Altered Brain Connections Cause Pain, Inflammation in Patients with Fibromyalgia and RA, Study Shows

Altered Brain Connections Cause Pain, Inflammation in Patients with Fibromyalgia and RA, Study Shows

Patients with rheumatoid arthritis (RA) who also have fibromyalgia (FM) have altered functional connections in the brain that promote inflammation and pain, a new study shows.

The study’s findings also suggest that symptoms of comorbid fibromyalgia and RA could respond to anti-inflammatory treatment.

The study, “Inflammation is associated with pro-nociceptive brain connections in rheumatoid arthritis patients with concomitant fibromyalgia,” was published in Arthritis and Rheumatology.

Some patients with rheumatoid arthritis report widespread hyperalgesia (enhanced pain response), fatigue, and cognitive difficulties, which is remarkably similar to what patients with fibromyalgia experience.

In fact, the prevalence of FM in RA patients ranges between 12–48% compared to 2–8% in the general population.

In the context of RA, researchers have long hypothesized that inflammatory nociceptive processes (which lead to inflammatory pain) change the central nervous system (CNS) by increasing signaling through pathways that promote pain (pronociceptive CNS pathways), driving the development of FM.

In support of this hypothesis, researchers have found evidence that functional brain connections are substantially altered in RA patients with high levels of inflammation.

Hence, researchers wanted to learn more about the impact of inflammation on pathways related to pain in patients with RA and FM.

Researchers said this study was designed “…to identify patterns of brain connectivity in RA that promote core symptoms of FM in response to inflammation.”

Twenty-seven RA patients with FM and 27 without FM underwent functional connectivity magnetic resonance imaging (MRI), which measures brain activity by detecting associated changes in blood flow.

Functional connectivity refers to the relationship between spatially separated brain regions. Thus, functional connectivity MRI helps determine the relationship between different regions of the brain.

Specifically, researchers looked at functional connectivity in regions of the brain previously linked to FM symptoms and inflammation. The association between functional connectivity and erythrocyte sedimentation rate (ESR) — a measure of inflammation — was also assessed in each group.

An assessment of clinical characteristics indicated that RA patients with and without FM did not differ by age, gender, or ESR.
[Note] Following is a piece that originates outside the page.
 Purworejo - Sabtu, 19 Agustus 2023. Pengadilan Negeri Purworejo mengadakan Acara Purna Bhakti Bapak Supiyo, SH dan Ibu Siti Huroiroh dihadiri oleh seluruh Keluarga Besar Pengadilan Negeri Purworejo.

In RA patients with FM, researchers found that the functional connectivity of the regions of the brain involved with inflammation were significantly altered in a way that would promote inflammation and pain compared to patients without FM.
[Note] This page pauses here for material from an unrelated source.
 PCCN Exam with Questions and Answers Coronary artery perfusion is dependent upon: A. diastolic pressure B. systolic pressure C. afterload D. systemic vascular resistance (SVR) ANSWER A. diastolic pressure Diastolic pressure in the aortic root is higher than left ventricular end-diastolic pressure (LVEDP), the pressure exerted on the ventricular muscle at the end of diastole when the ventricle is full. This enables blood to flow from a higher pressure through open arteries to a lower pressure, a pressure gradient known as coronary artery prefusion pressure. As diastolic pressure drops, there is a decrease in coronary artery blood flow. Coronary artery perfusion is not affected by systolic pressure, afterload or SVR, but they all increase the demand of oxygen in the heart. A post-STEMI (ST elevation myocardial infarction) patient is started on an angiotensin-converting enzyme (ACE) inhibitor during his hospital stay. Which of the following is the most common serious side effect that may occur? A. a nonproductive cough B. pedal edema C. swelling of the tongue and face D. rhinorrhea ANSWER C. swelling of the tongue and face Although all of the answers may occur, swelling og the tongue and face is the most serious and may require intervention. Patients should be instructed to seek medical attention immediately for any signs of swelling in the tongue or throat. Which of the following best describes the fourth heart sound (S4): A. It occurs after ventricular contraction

Researchers also found that there was a relationship between ESR levels and connectivity changes between regions of the brain involved in inflammation, as in patients with comorbid FM changes in the connectivity between brain regions were associated with higher levels of ESR.

Finally, they showed that there was a significant interaction between FM scores, ESR rate, and functional connectivity changes.

“Here we provide the first neurobiological evidence that comorbid FM in RA may be linked to peripheral inflammation through [pro-pain] patterns of brain connectivity,” the authors concluded.

Significantly, researchers suggest that because of the connection between inflammatory signaling in the brain and FM, symptoms of comorbid FM in RA could respond to anti-inflammatory treatments. “Future studies will focus on patterns of inflammation-associated brain connectivity that predict improvement in concomitant FM after inflammation-dampening therapy,” they said.